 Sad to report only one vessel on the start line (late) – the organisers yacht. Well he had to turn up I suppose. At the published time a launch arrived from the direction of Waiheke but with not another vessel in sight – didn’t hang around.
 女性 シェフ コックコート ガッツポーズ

...

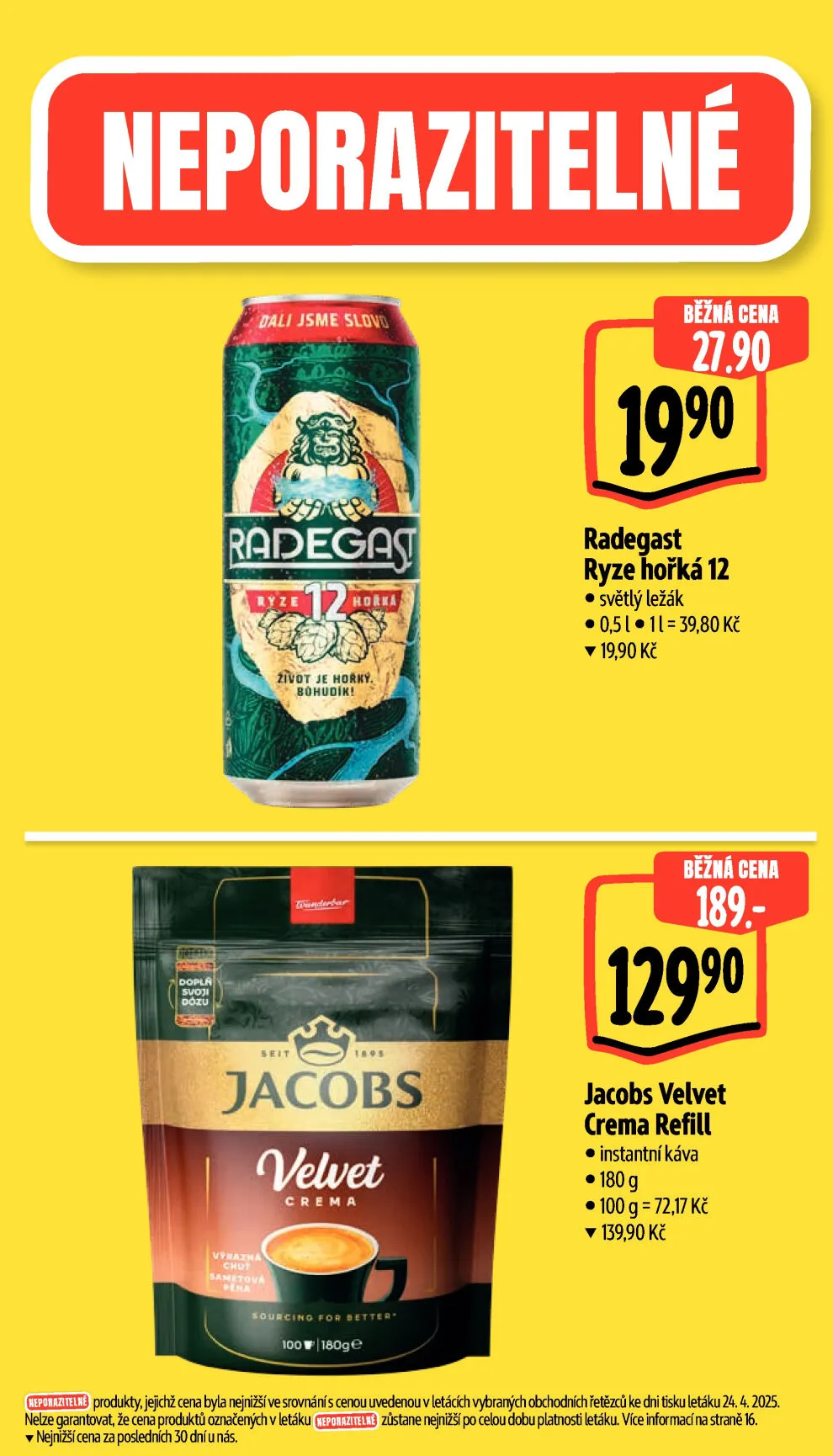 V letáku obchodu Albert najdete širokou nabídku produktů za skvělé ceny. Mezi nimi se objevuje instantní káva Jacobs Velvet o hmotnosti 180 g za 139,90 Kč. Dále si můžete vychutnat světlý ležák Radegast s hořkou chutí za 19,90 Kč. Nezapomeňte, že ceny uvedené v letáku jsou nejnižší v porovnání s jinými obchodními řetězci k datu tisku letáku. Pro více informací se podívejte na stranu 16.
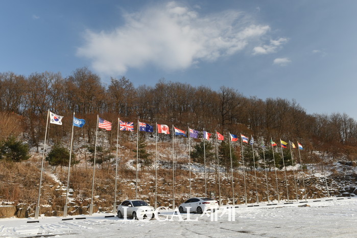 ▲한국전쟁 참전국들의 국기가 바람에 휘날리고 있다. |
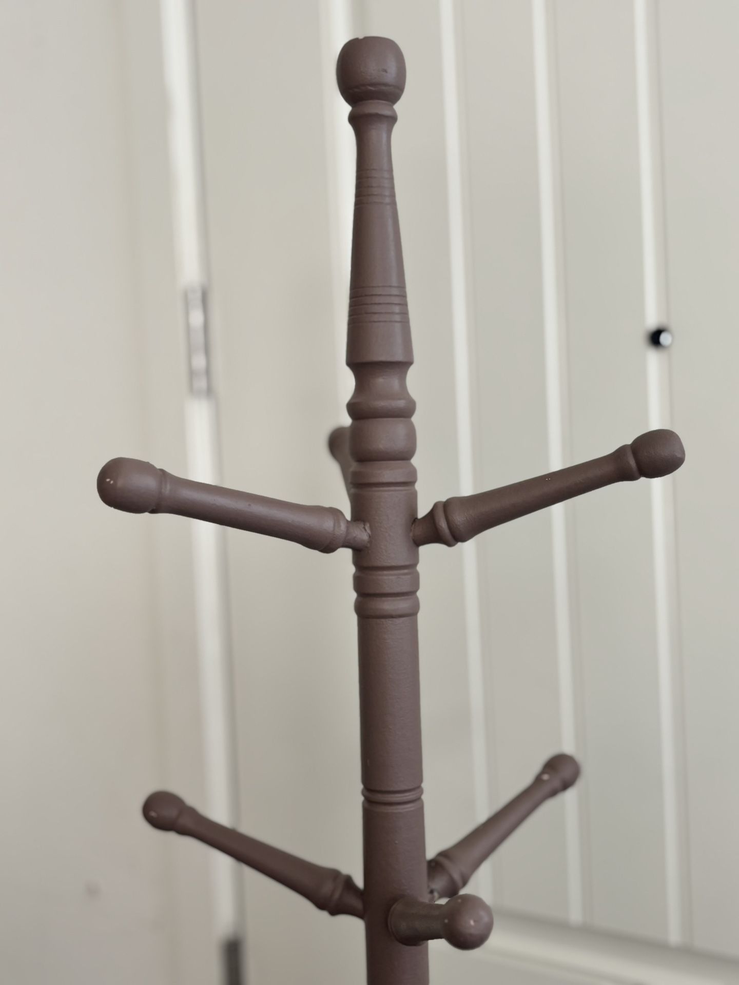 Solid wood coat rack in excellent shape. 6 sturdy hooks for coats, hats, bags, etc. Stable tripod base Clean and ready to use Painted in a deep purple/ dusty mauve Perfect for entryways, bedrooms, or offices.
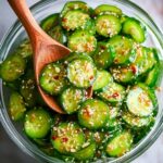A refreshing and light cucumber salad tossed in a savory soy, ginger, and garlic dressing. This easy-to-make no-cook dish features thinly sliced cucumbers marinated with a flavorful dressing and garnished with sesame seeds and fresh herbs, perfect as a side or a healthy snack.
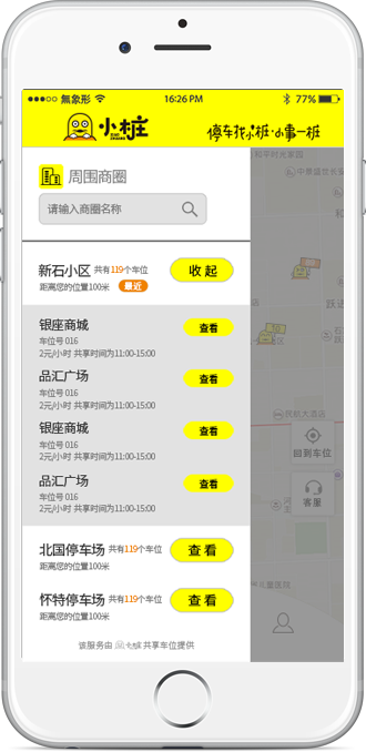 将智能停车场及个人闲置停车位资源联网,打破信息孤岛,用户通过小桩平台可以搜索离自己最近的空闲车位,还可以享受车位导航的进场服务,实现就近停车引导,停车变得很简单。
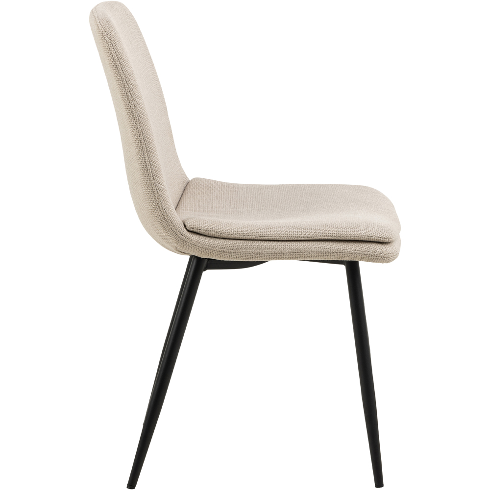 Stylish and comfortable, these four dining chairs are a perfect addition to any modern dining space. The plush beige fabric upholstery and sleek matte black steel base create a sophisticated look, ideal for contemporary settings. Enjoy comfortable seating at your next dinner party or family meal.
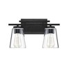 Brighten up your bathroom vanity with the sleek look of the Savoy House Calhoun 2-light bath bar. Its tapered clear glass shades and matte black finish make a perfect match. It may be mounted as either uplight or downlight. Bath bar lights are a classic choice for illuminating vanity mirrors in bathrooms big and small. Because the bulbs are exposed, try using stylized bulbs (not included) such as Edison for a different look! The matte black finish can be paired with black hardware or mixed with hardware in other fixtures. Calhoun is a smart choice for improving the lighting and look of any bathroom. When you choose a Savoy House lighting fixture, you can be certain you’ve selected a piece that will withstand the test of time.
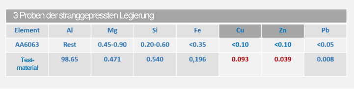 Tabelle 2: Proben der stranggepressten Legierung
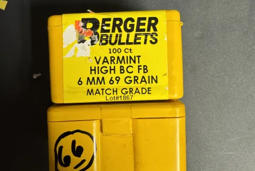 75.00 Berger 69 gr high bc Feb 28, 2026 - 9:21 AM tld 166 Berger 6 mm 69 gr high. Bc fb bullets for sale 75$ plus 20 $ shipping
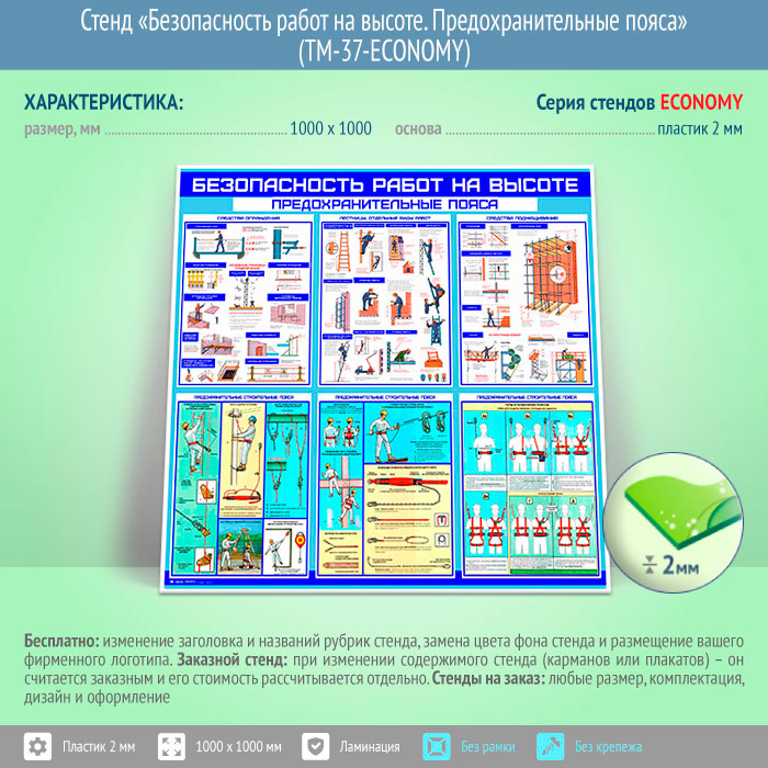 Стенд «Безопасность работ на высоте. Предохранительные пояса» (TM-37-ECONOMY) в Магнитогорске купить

--

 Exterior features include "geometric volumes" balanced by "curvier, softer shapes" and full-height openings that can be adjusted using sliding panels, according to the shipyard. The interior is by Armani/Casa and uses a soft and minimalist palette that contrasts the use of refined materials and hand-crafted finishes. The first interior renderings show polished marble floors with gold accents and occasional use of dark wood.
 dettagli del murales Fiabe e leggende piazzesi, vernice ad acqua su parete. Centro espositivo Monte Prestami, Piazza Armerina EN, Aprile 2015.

▸ **ASSIGNMENT**: Above are the lines; repeat exactly the ones from the line containing "Sad to report" down to the line containing "女性 シェフ コックコート ガッツポーズ", both inclusive.

▸ **SOLUTION FOR THIS PROBLEM**:
 Sad to report only one vessel on the start line (late) – the organisers yacht. Well he had to turn up I suppose. At the published time a launch arrived from the direction of Waiheke but with not another vessel in sight – didn’t hang around.
 女性 シェフ コックコート ガッツポーズ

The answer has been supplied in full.